* **Exercise requirements**
Beginning with the line that includes "Хэллоуин Дети взрослый", return every remaining line of the material exactly as it reads, but not the pictures.

* **Task data**

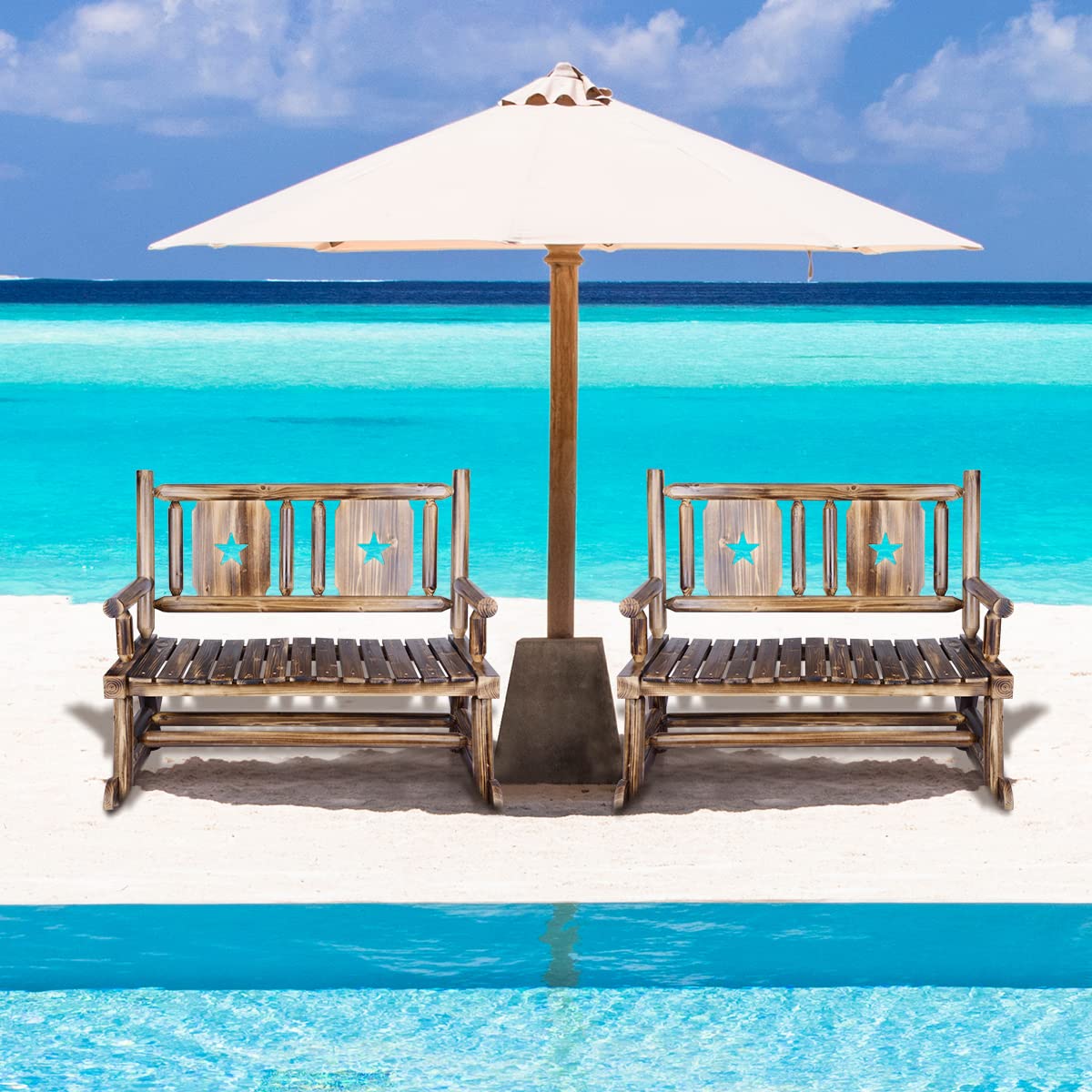XCSOURCE Rustic Wooden Double Rocking Bench for Outdoor Patios – Comfortable Rocker Chair for Two
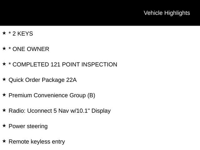 This ProMaster 2500 High Roof is packed with premium features that elevate your driving experience. The Uconnect 5 Nav system with a 10.1" display puts cutting-edge technology at your fingertips, while the wireless charging pad and 115V auxiliary power outlet keep your devices powered and ready. Enjoy the convenience of automatic headlamps, rain-sensing wipers, and traffic sign information to stay informed and focused on the road ahead.
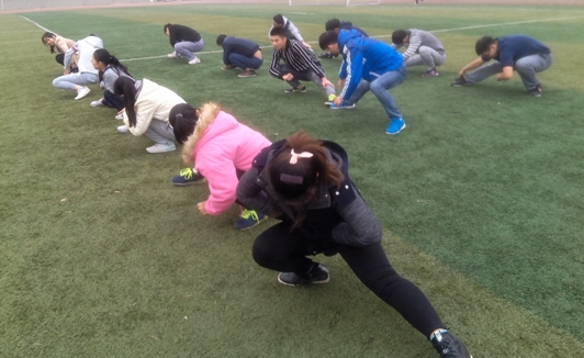 早上8:30,同学们便早早地来到操场集合。虽然学校周围空气存在着些许雾霾,但仍阻挡不住大家训练的热情。训练开始了,首先是围着操场小跑两圈的热身运动。经过简单地休息后,迎接着我们的是一系列的各种压腿压背运动,以锻炼同学们的柔韧性。然后是两次100米冲刺,来提高我们的出腿速度,为以后的腿法训练做准备。再接着是男生100米女生50米的蛙跳运动,锻炼我们的腿部肌肉力量。棍术练习过后,便是我们极具代表性的训练——实战训练了。在安全工作通通到位的前提下,同学们纷纷找到自己的对手一边切磋一边交流心得,把自己所学的咏春拳法与实际结合在一起,快拳强攻,切中路,快速闪躲,攻守结合等等,各种招式今人眼花缭乱。在同学的欢声笑语中,也将咏春拳法发挥到了极致。
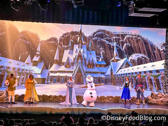 During the show, a large screen will show lyrics to Frozen‘s most popular songs so that the audience can sing along. In between the songs, you’ll get to hear from the storytellers (who have some really funny jokes for kids and adults alike), as well as spot a few of your favorite characters. Elsa even makes it snow inside the theater!
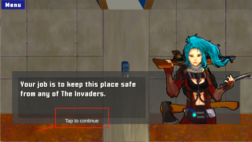1、游戲開始時點擊"Tap to continue"進(jìn)入主界面,閱讀藍(lán)發(fā)角色旁的任務(wù)提示"守護(hù)地點免受入侵者侵?jǐn)_",了解基礎(chǔ)游戲目標(biāo)。
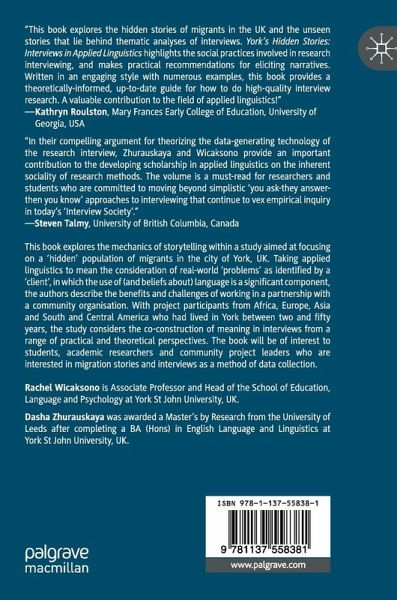 This book explores the mechanics of storytelling within a study aimed at focusing on a 'hidden' population of migrants in the city of York, UK. Taking applied linguistics to mean the consideration of real-world 'problems' as identified by a 'client', in which the use of (and beliefs about) language is a significant component, the authors describe the benefits and challenges of working in a partnership with a community organisation. With project participants from Africa, Europe, Asia and South and Central America who had lived in York between two and fifty years, the study considers the co-construction of meaning in interviews from a range of practical and theoretical perspectives. The book will be of interest to students, academic researchers and community project leaders who are interested in migration stories and interviews as a method of data collection.
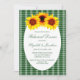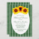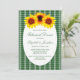 Abendessen mit Sonnenblumen und Probe mit kariertem Hintergrund
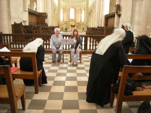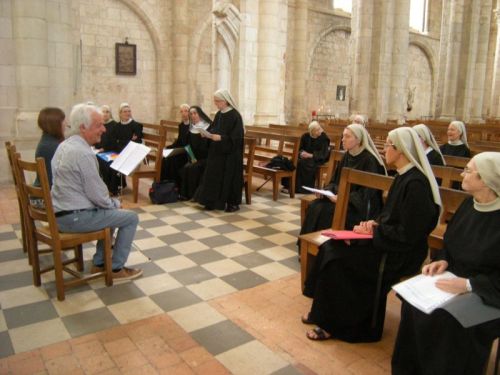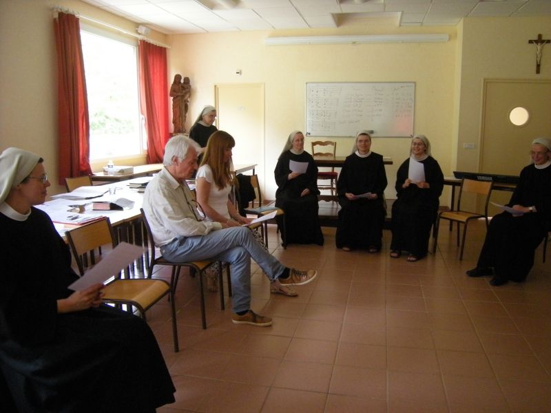 À plusieurs reprises en 2016 et 2017, nous sommes réunies à Bouzy-la-Forêt et à Prailles pour répéter les pièces musicales de nos partitions du xviie siècle que nous chanterons le premier soir du colloque à la Cathédrale. Manolo Gonzalez et Carole Matras découvrent avec beaucoup d’intérêt les pièces retrouvées dans les livres liturgiques des premières mères de la Congrégation. Sous la direction de ces musicologues passionnants, nous déchiffrons les pièces baroques qui nous replongent dans un style liturgique pour le moins dépaysant : autres temps, autres mœurs, autres répertoires liturgiques ! Nos premières mères, que nous pensions si austères, avaient un haut niveau musical, elles chantaient des kyrie et des motets sur des airs de Lulli ou autres musiciens de la Cour ! À notre modeste niveau, nous travaillons avec enthousiasme pour mettre au point quelques morceaux pour la célébration du centenaire. Une vraie joie de chanter ensemble!
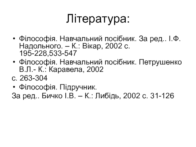 Філософія. Навчальний посібник. За ред.. І.Ф. Надольного. – К.: Вікар,
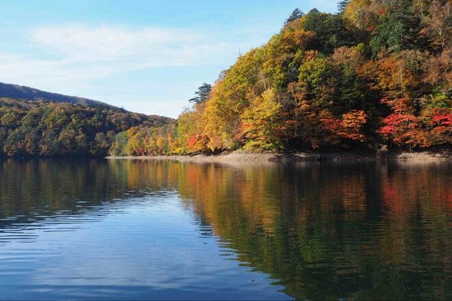 木の葉が少しずつ色づき始める初期の紅葉から、終盤の落葉に至るまで、訪れる時期によって移ろう多彩な色合いを堪能できるのも、丸沼の紅葉ならではの魅力である。
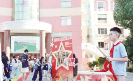 星河實(shí)驗(yàn)小學(xué)門口成了一片醒目的“紅色海洋”。學(xué)生們化身“小小追夢(mèng)人”,用創(chuàng)意服裝完成特別“變身”:有的身著迷彩服,眼神堅(jiān)毅如小戰(zhàn)士;有的手持紙筆,扮成懷揣文學(xué)夢(mèng)的小作家;有的穿白大褂、戴聽診器,模仿醫(yī)護(hù)人員;還有的以“小科學(xué)家”造型亮相,立志探索科學(xué)奧秘……“我扮的是聶耳,他寫的《義勇軍進(jìn)行曲》超有力量。”二年級(jí)學(xué)生陳諾驕傲地展示衣角的白鴿徽章,“這代表和平,我希望世界永遠(yuǎn)沒有戰(zhàn)爭。”稚嫩話語里滿是對(duì)英雄的崇敬。
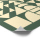 Padrão geométrico moderno com formas simples em creme num fundo verde florestal.
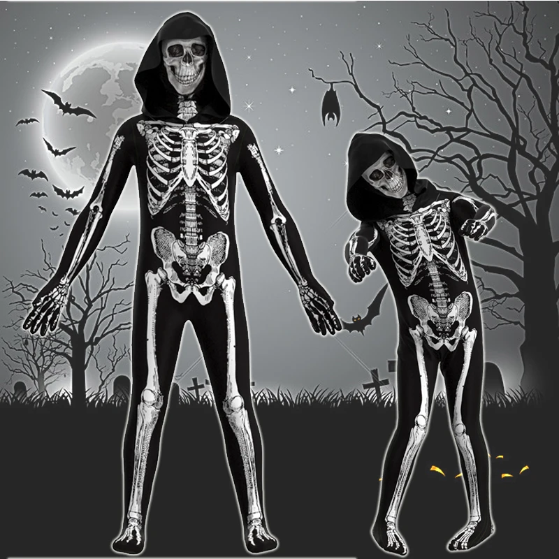 Хэллоуин Дети взрослый Скелет Череп костюмы страшный зомби косплей комбинезон
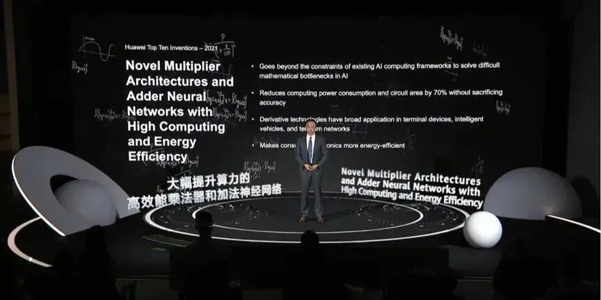 第一项:大幅提升算力的高效能乘法器和加法神经网络。这项发明能够在保证精度的前提下,使计算功耗和电路面积下降70%,相关技术可以广泛应用于各种终端设备、消费电子产品、智能汽车和电信网络。
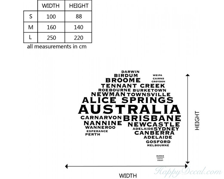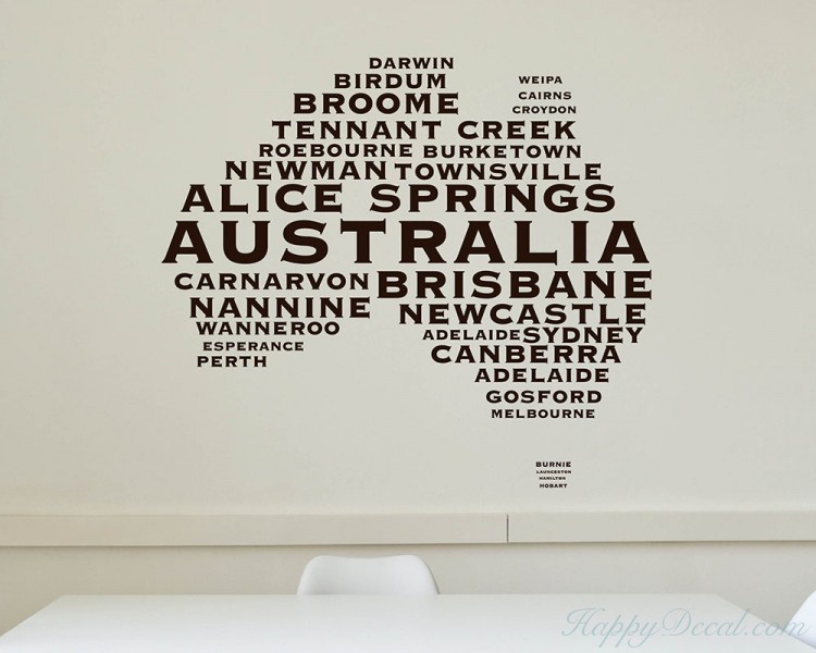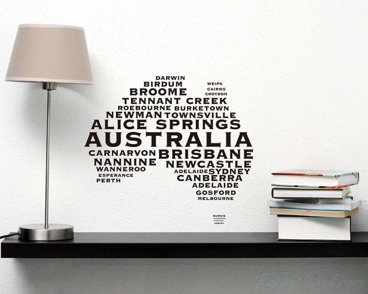 This wall decal is about the map of Australia, and every part of the map is shown in the form of city names.

* **Exercise output**
 Хэллоуин Дети взрослый Скелет Череп костюмы страшный зомби косплей комбинезон
 第一项:大幅提升算力的高效能乘法器和加法神经网络。这项发明能够在保证精度的前提下,使计算功耗和电路面积下降70%,相关技术可以广泛应用于各种终端设备、消费电子产品、智能汽车和电信网络。
 This wall decal is about the map of Australia, and every part of the map is shown in the form of city names.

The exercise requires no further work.